The CAN-SPAM Act regulates commercial email communications, including marketing emails sent by healthcare organizations. While transactional emails, such as appointment reminders and billing notifications, are generally exempt, promotional emails must comply with the Act's requirements. According to the Federal Trade Commission (FTC), the CAN-SPAM Act "establishes requirements for commercial messages, gives recipients the right to have you stop emailing them, and spells out tough penalties for violations." To comply, organizations must use accurate sender information, avoid misleading subject lines, include a valid physical address, provide a clear opt-out mechanism, and promptly honor unsubscribe requests.

See also: What is the CAN-SPAM Act and how does it impact healthcare email?

 

42 CFR Part 2

42 CFR Part 2 regulates communications involving records related to substance use disorder treatment. Compared to HIPAA, this regulation places stricter limitations on when patient information may be disclosed. Healthcare organizations subject to Part 2 must exercise additional caution when communicating information via email or other channels, often requiring patient consent before sharing treatment-related information with third parties.

 

California Consumer Privacy Act (CCPA)

The California Consumer Privacy Act (CCPA) grants California residents greater control over their personal information. Although most PHI maintained by HIPAA-covered entities is exempt from the CCPA, the law applies to certain communications involving consumer health data that falls outside HIPAA's scope. Healthcare organizations subject to the CCPA must provide clear privacy notices, respond to consumer requests regarding their personal information, and ensure that communications about data collection and use are transparent.

 

California Confidentiality of Medical Information Act (CMIA)

The California Confidentiality of Medical Information Act (CMIA) complements HIPAA by imposing strict requirements on the disclosure of medical information. The law regulates when healthcare providers and other covered entities may communicate a patient's medical information and generally requires patient authorization before disclosures that are not otherwise permitted by law. Organizations communicating with California patients via email must ensure that medical information is disclosed only to authorized recipients.

 

Washington My Health My Data Act

The Washington My Health My Data Act regulates the collection, sharing, and disclosure of consumer health data, including information that is not protected by HIPAA. The law requires regulated entities to obtain consumer consent before sharing certain health data and to provide clear privacy disclosures. Healthcare organizations communicating with Washington residents must ensure that electronic communications involving consumer health data comply with these consent and disclosure requirements.

 

How Federal and State laws work together to secure healthcare email communications

Although HIPAA, the HITECH Act, the CAN-SPAM Act, and various state privacy laws each serve different purposes, they collectively create a legal framework that enables healthcare organizations to communicate electronically while protecting patient information.
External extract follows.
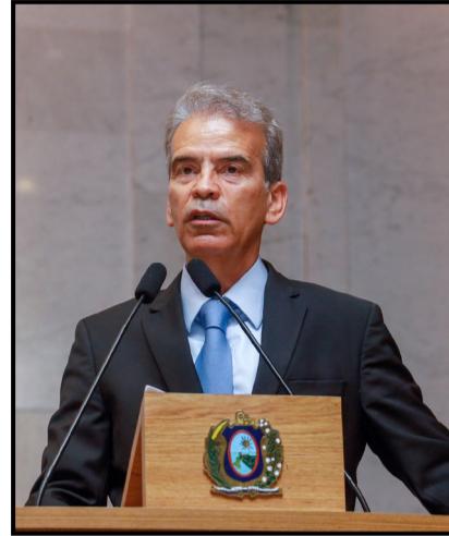
APOIO – Coronel Alberto Feitosa celebrou o ato público a favor do ex-presidente Bolsonaro

João Paulo (PT) voltou a defender as declarações do presidente Lula sobre o conflito entre Israel e o Hamas na Faixa de Gaza. Segundo o deputado, a ten-

Rather than viewing these laws as separate compliance requirements, organizations should treat them as complementary regulations that support secure, transparent, and patient-centered communication.

 

FAQS

Why is understanding multiple healthcare communication laws important?

No single law governs all aspects of healthcare communication. Understanding how HIPAA, the HITECH Act, the CAN-SPAM Act, and state privacy laws work together helps healthcare organizations protect patient information, maintain compliance, and communicate more effectively with patients and other stakeholders.

 

What happens if federal and state laws conflict?

In general, healthcare organizations must comply with the law that provides greater privacy protection or gives patients additional rights. This often means following state law when it is more stringent than HIPAA.